Is there an "easy" solution which won't pollute the example with stack walking code? Could something like the unwinder crate in Wasmtime function here? I'll admit, this is outside of what I know about stack frames, unwinding, etc.

view this post on Zulip Wasmtime GitHub notifications bot (Sep 19 2025 at 21:54):

cfallin commented on PR #11710:

No, Wasmtime's unwinder has nothing to do with native stack frames; it is specific to Wasmtime's metadata format.

You'll probably want to do similar to Wasmtime (and Cranelift's clif-util test runner) and emit a trampoline that uses get_frame_pointer at both ends of your Cranelift frames (entry and exit), then delimit your walk by those -- this very reason is why we added that intrinsic.

view this post on Zulip Wasmtime GitHub notifications bot (Sep 20 2025 at 17:23):

maxnatamo updated PR #11710.

view this post on Zulip Wasmtime GitHub notifications bot (Sep 20 2025 at 17:28):

maxnatamo commented on PR #11710:

I've tried implementing something similar to what Wasmtime does, but I'm a little in over my head with this. The new implementation walks frame entries which are pushed and popped from trampolines, but the stack pointer is way off. There might be a simple solution to this, but I might've stared at this code for too long.

view this post on Zulip Wasmtime GitHub notifications bot (Sep 23 2025 at 16:41):

fitzgen commented on PR #11710:

Hi @maxnatamo, I don't have time to help debug this example program. In general, I'd suggest simplifying as much as possible, doing nothing else but saving the FP/SP that bookend each activation, make sure that works in isolation, and then slowly add more from there, checking that things look right along the way.

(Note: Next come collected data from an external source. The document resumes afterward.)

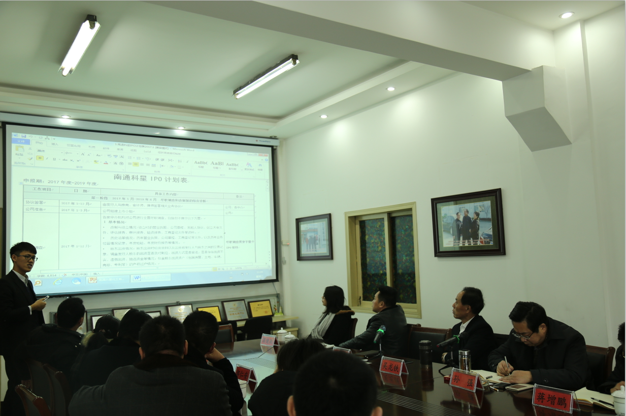 2017年1月18日上午十時,科星公司在公司總部會場舉行了主板上市推進會,縣發改委上市辦主任孫強、白甸鎮黨委副書記蔣增鵬同志及公司主要領導參加會議。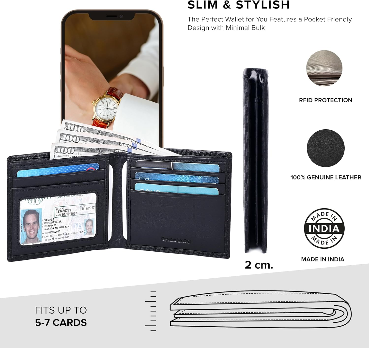 Store New Arrivals Add to Favorite View Feedback Contact Slim Leather Wallet for Men - RFID Blocking Slim Minimalist Front Pocket - Thin & Stylish with ID Window, Gift for Men Description Item model number CFH 19 Department Men Product Dimensions 2 x 2 x 1 inches; 1.41 ounces Color Small,01Black Carbon Fibre Manufacturer Ahmed tannery Pvt Ltd Product Description ABOUT US Our store reflects our family's ethos: dedication to quality, passion for unique items, and a customer-centric approach. Our mission is simple—to provide you with excellent products and an enjoyable shopping experience. Welcome to our family! We provide fast shipment and excellent customer service. We sell good quality and low priced items. If you have any questions before or after purchasing, please do not hesitate to reach out to us through eBay’s messaging system. Business Hours 8:30AM to 5:30PM PST Monday to Friday SHIPPING We are always working hard to ensure your package arrives as soon as possible. Please understand that some factors like weather, high postal traffic, and the performance of shipping companies are outside of our control. Shipment processing time orders are processed within 3 business days. Orders are not shipped or delivered on weekends or holidays. Shipping charges for your order will be calculated and displayed at checkout. RETURNS We currently do accept returns for opened or damaged items. For all other return inquiries, please contact us to issue an RMA number. We are committed to resolving any issues and providing a satisfactory shopping experience. CUSTOMER SATISFACTION We try our very best to make sure every customer is completely satisfied. If there's a problem, message us! We're happy to help. WE ACCEPT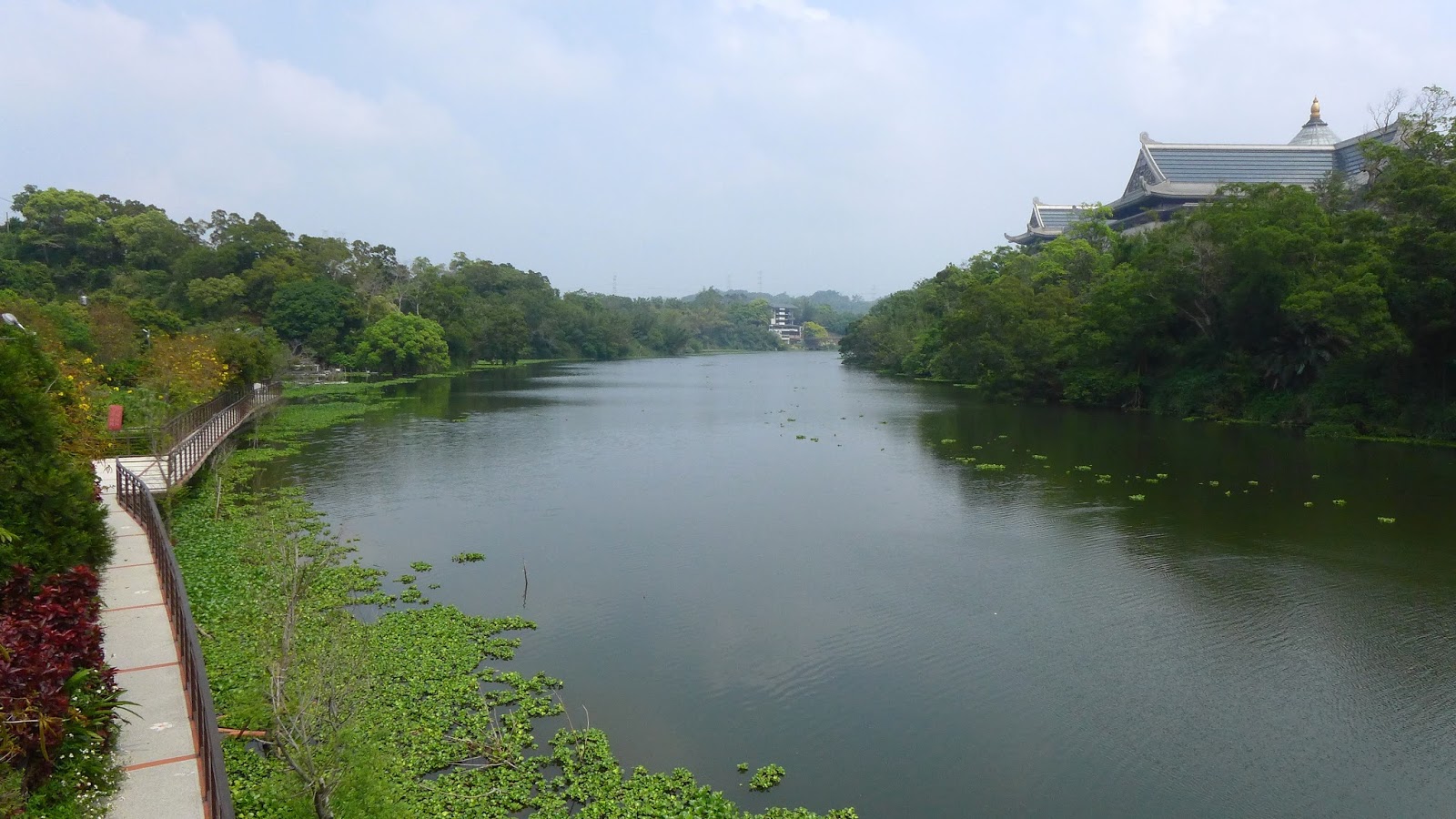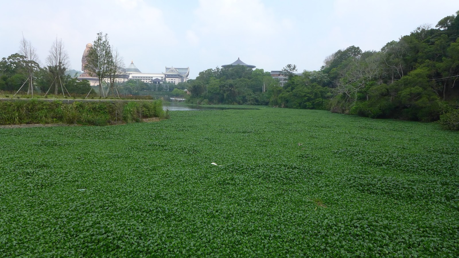 通過一段上上下下的道路,來到峨眉湖的上游蓄水區,被這誇張數量的布袋蓮給看傻眼。

In the meantime, adding the doc comment expansions here that we talked about on Zulip might be the expeditious option.

view this post on Zulip Wasmtime GitHub notifications bot (Sep 24 2025 at 20:35):

maxnatamo commented on PR #11710:

I can split the documentation entry and example into two separate PRs, if that helps. Then if I can't get the example working, the documentation can still be merged in.